Date of records in MySQL
When a database is planned is often useful, if not quite indispensable, to make available the date of creation and last modification of a record.
If you realize this need when your tables have just pupulated with hundreads of records, you’re in trouble. It is good therefore to always put these dates, also when they seem useless information. Their insertion and maintenance involve very little effort but protect us from unexpected needs (our or of the customer).
Take as example a table with a structure like this:
CREATE TABLE `test` (
`id` int(10) unsigned NOT NULL auto_increment,
`name` varchar(255) NOT NULL default '',
`creation` datetime NOT NULL default '0000-00-00 00:00:00',
`last` timestamp NOT NULL default CURRENT_TIMESTAMP on update CURRENT_TIMESTAMP,
PRIMARY KEY (`id`),
);
In the creation field will be stored the cration date of the record and in the last filed will be stored the last modificatio date.
The only time we must to worry about setting a date is in the creation of a record, to set the creation field. It will remain the same value for all the record’s life. The code to insert a new record:
INSERT INTO test (name, creation)
VALUES ('John', NOW( ))";
The NOW( ) function returns the current date-time.

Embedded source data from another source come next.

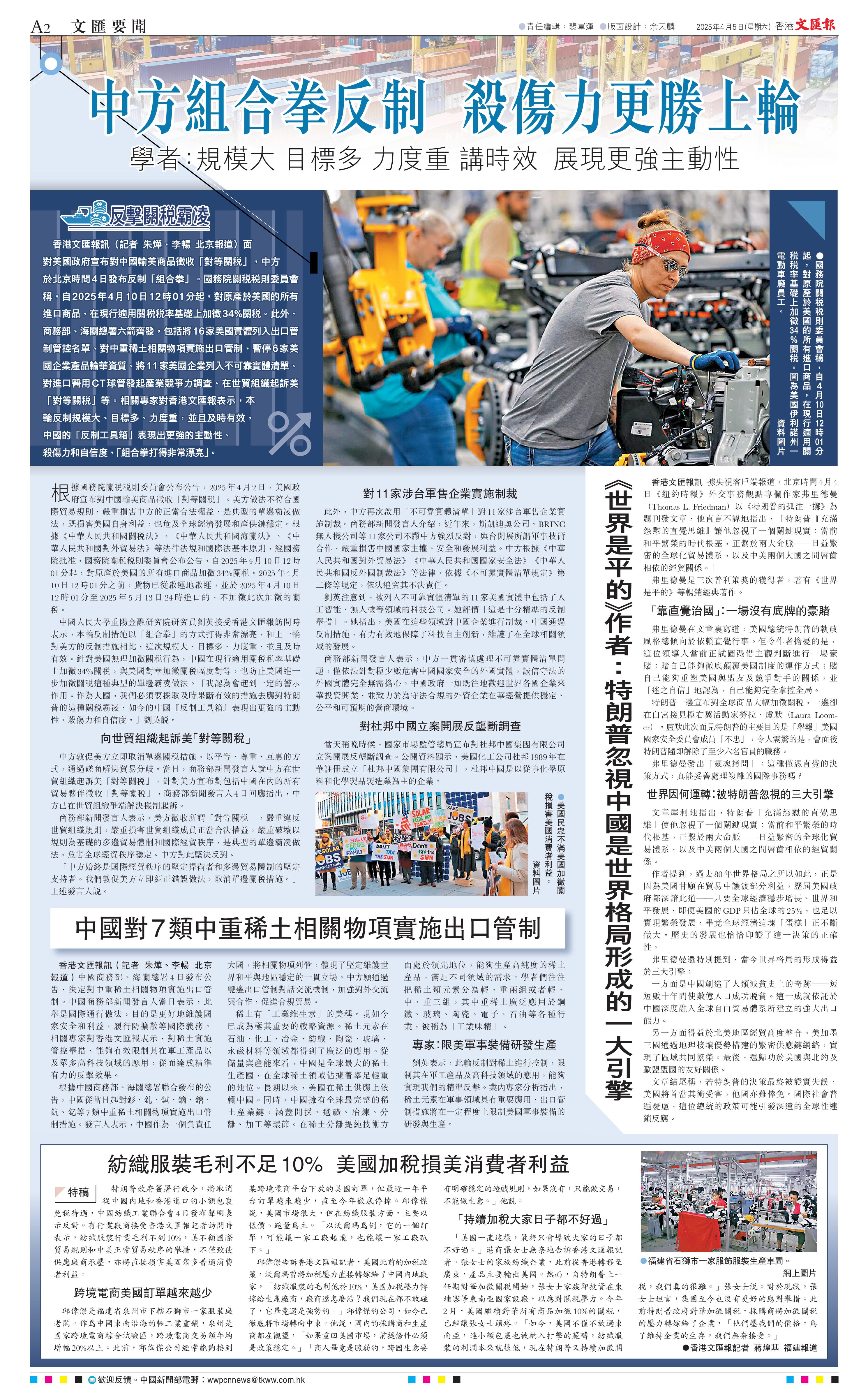 香港文匯報訊據央視客戶端報道,北京時間4月4日《紐約時報》外交事務觀點專欄作家弗里德曼(Thomas L. Friedman)以《特朗普的孤注一擲》為題刊發文章,他直言不諱地指出,「特朗普『充滿怨懟的直覺思維』讓他忽視了一個關鍵現實:當前和平繁榮的時代根基,正系于兩大命脈——日益緊密的全球化貿易體系,以及中美兩個大國之間唇齒相依的經貿關系。」
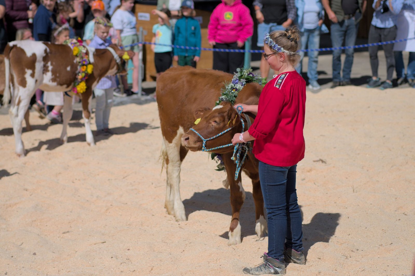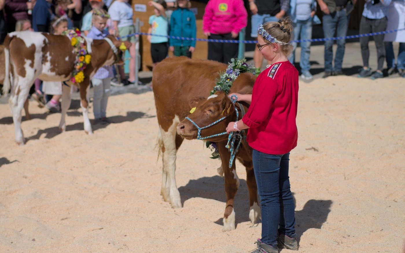 Ein Publikumsmagnet war auch der Kälberwettbewerb, moderiert von Nadja Lerch, Leiterin Agrar bei der Landi Reba. Die Kleinsten unter ihnen hatten sichtlich Freude, ihre wunderschön geschmückten Tiere den vielen Besucherinnen und Besuchern zu präsentieren.
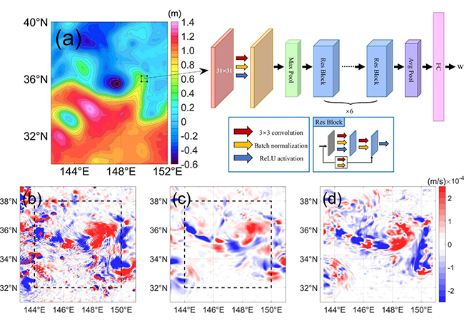 图1:(a)海表面高度场和深度卷积神经网络构架。(b)模式模拟输出的“真实”垂直流速场。(c-d)eSQG方法和深度学习模型的垂直流速场重构结果。
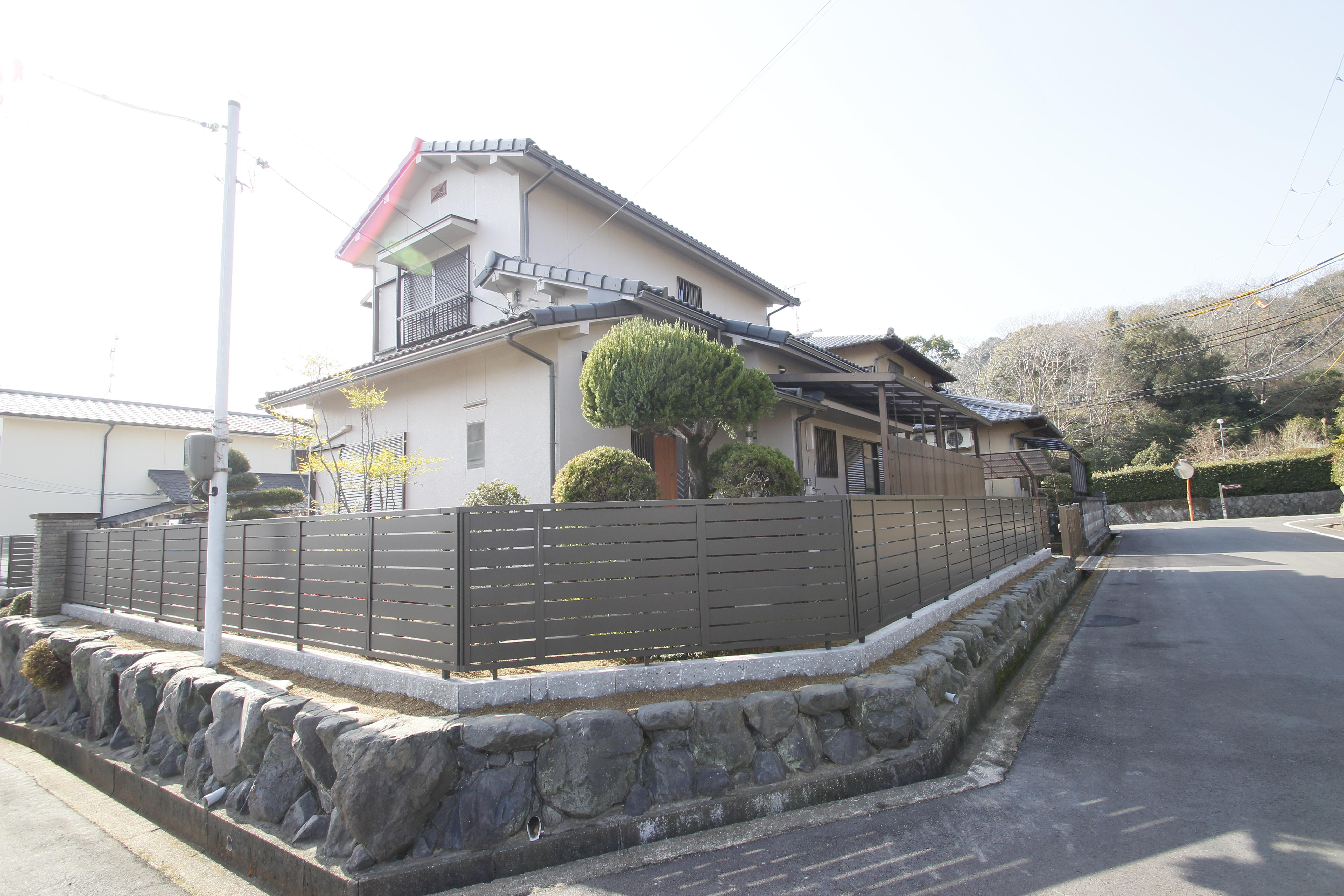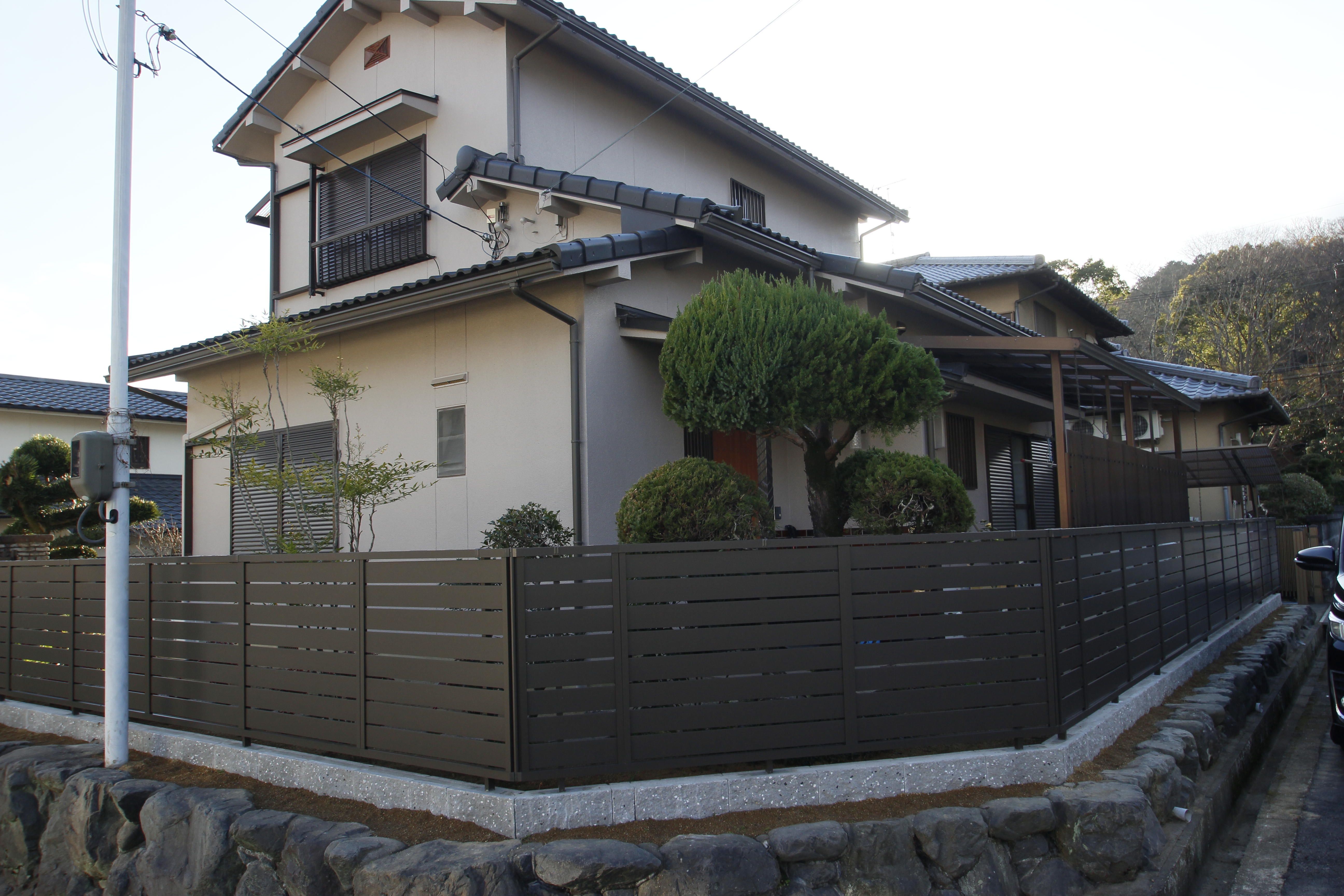 以前はレッドロビンという植物の生垣だった垣根をお手入れも大変なのでアルミ製のフェンスに変更したいとご依頼いただきました。

Just after the record creation, creation and last fileds are equal. The last field will be automatically updated every time a record is updated. You don’t need to set it, it’s a MySQL job. So, in the next update of the record we don’t care to set values for this two fields:
UPDATE test
SET nome='Robert'
WHERE id=1;
As a result the creation field remain the same and last will be set to the date-time of the issued UPDATE.
Note: the dates in the datetime and timestamp kind of fields have the same format, that is YYYY-MM-DD HH:mm:ss.